AI Testing

2026-05-13

TruLens LLM Evaluation Framework Complete Guide 2026

Master TruLens for LLM evaluation in 2026. Feedback functions, the RAG triad, multi-turn evaluation, dashboards, and integration with LangChain and LlamaIndex.

TruLens LLM Evaluation Framework Complete Guide 2026

TruLens is the open-source LLM evaluation framework from TruEra, focused on the concept of feedback functions: programmatic checks that score LLM outputs along quality dimensions. By 2026 TruLens is the framework of choice for teams that want maximum flexibility in defining quality. The framework popularized the RAG triad (context relevance, groundedness, answer relevance) which has become standard vocabulary in the RAG evaluation space.

This guide covers TruLens end to end: installation, feedback functions, the RAG triad, multi-turn evaluation, integration with LangChain and LlamaIndex, dashboards, and how TruLens compares to Ragas, OpenAI Evals, and other frameworks. Python samples cover every key API. By the end you should be able to instrument any LLM application with TruLens and use the resulting feedback to improve quality. The guide assumes basic Python familiarity and an existing LLM application.

Key Takeaways

TruLens centers on feedback functions, customizable programmatic checks that score LLM outputs.
The RAG triad (context relevance, groundedness, answer relevance) is TruLens's signature methodology.
Feedback functions can use any provider as a judge: OpenAI, Anthropic, HuggingFace, even local models.
The dashboard provides per-record scores, aggregate trends, and the ability to drill into failing examples.
Integration with LangChain, LlamaIndex, and arbitrary Python is supported via context managers.
TruLens excels at custom feedback dimensions; out of the box it has fewer built-in metrics than Ragas.

Why TruLens

TruLens differentiates on flexibility.

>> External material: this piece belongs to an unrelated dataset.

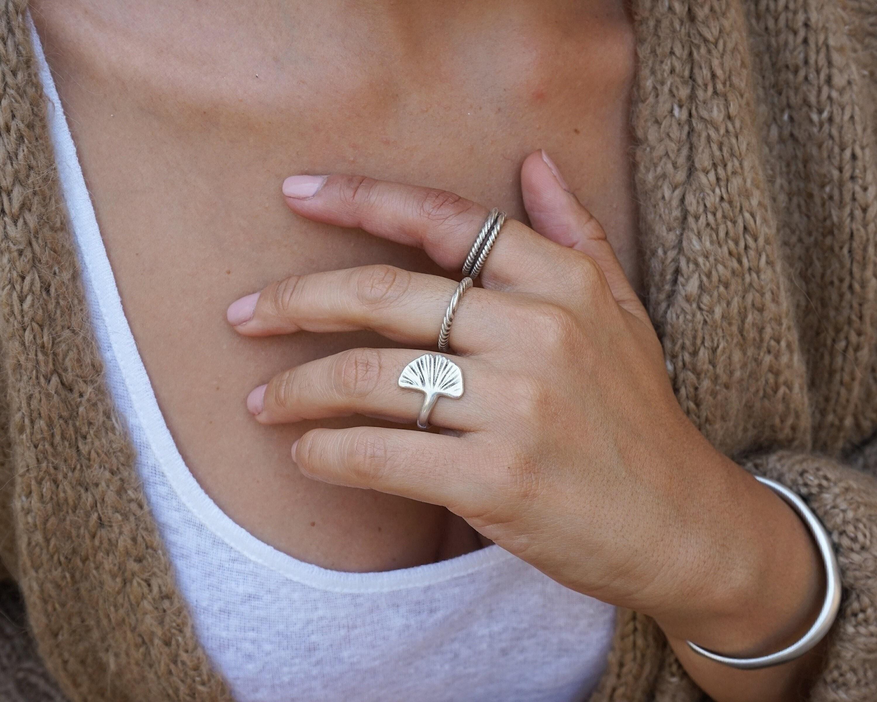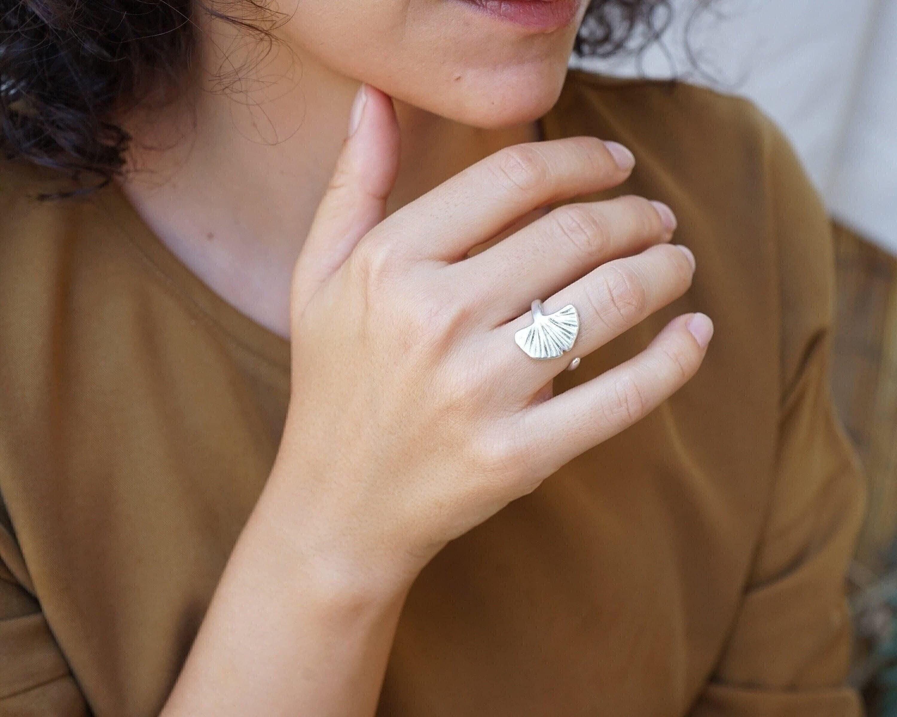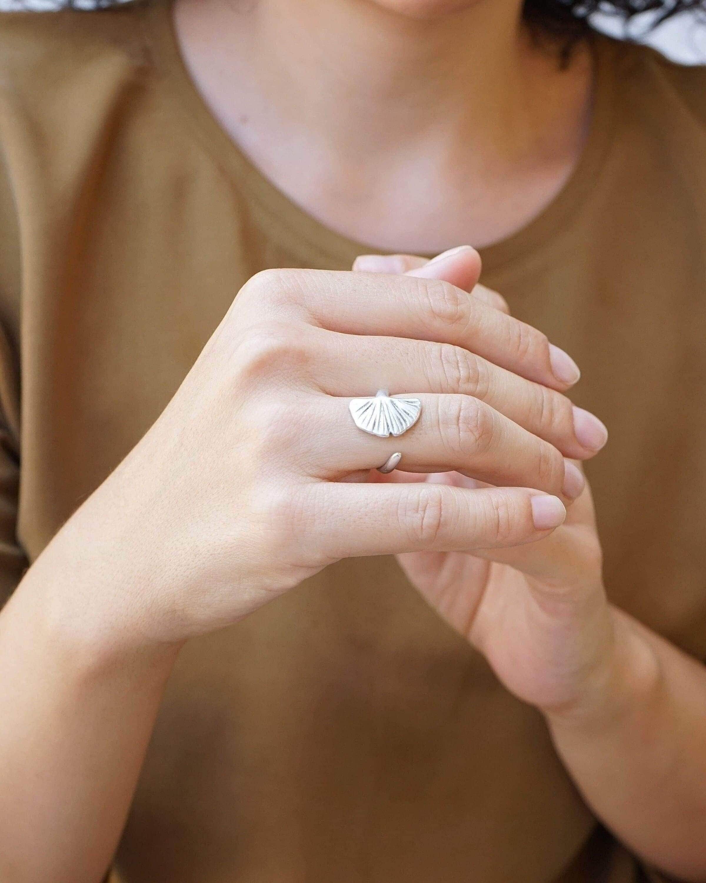 This bohemian-inspired ring features a beautifully detailed, hammered silver design of a Ginkgo Biloba leaf. Its versatile style allows it to be worn on the index, middle, or ring finger, making it a perfect accessory for any occasion.

Other frameworks ship a fixed set of metrics; TruLens ships a feedback function system that lets you define any metric. The same framework that scores faithfulness for a RAG app can score code quality for a code-gen app or accuracy for a math tutor.

This flexibility is a tradeoff. Teams that want plug-and-play metrics may prefer Ragas (for RAG specifically) or LangChain evaluators (for LangChain integration). Teams that want to define custom quality dimensions in Python prefer TruLens.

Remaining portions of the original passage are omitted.